Machine Learning Techniques

I’m not sure how much ML techniques we will be applying in the future for our projects, but since it’s a field of interest for me, I hope to gain more experience in this field. I’ve applied few ML techniques like scaling features with MinMaxScaler before in our project specific work, they’re very helpful and have many powerful libraries that could be beneficial.
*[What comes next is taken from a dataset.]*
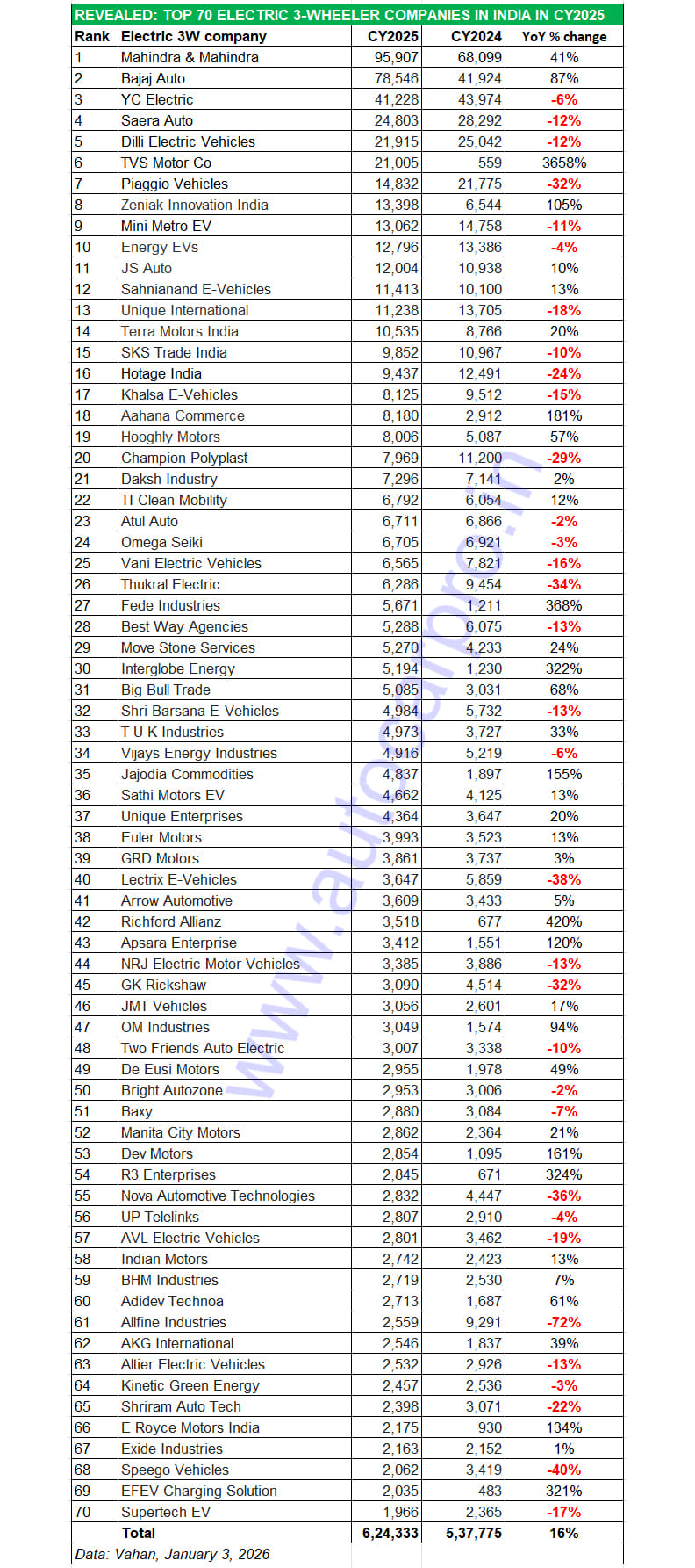 Let’s take a closer look at the top seven best-selling e-3W OEMs, who represent 1% of the 700 players in this segment in CY2025, and account for 37% (298,236 units) of the record 797,729 units sold last year.

Although we may not build large language models or powerful CV models, I hope we apply some fundamental techniques in the future.

Here’s some code chunk of using feature transformation and scaling techniques in our of our datasets:

# Ensure there are no zero or negative values for transformations that require positivity
shift = 1 - new_merged['total_amount'].min()

# Applying transformations
new_merged['log_total_amount'] = np.log(new_merged['total_amount'] + shift)
new_merged['sqrt_total_amount'] = np.sqrt(new_merged['total_amount'])
_, best_lambda = boxcox(new_merged['total_amount'] + shift)
new_merged['boxcox_total_amount'] = boxcox1p(new_merged['total_amount'], best_lambda)

# Scaling transformations
scaler = MinMaxScaler()
new_merged['log_event_magnitude'] = scaler.fit_transform(new_merged[['log_total_amount']])
new_merged['sqrt_event_magnitude'] = scaler.fit_transform(new_merged[['sqrt_total_amount']])
new_merged['boxcox_event_magnitude'] = scaler.fit_transform(new_merged[['boxcox_total_amount']])

# Formatting scaled values
for col in ['log_event_magnitude', 'sqrt_event_magnitude', 'boxcox_event_magnitude']:
    new_merged[col] = new_merged[col].apply(lambda x: "{:.2f}".format(x))

From our first week at Durham to now, a month went by really quick and it’s hard to believe we are already halfway. But my time here so far has been very insightful and I am excited to see what experiences I will continue to gain during the second half!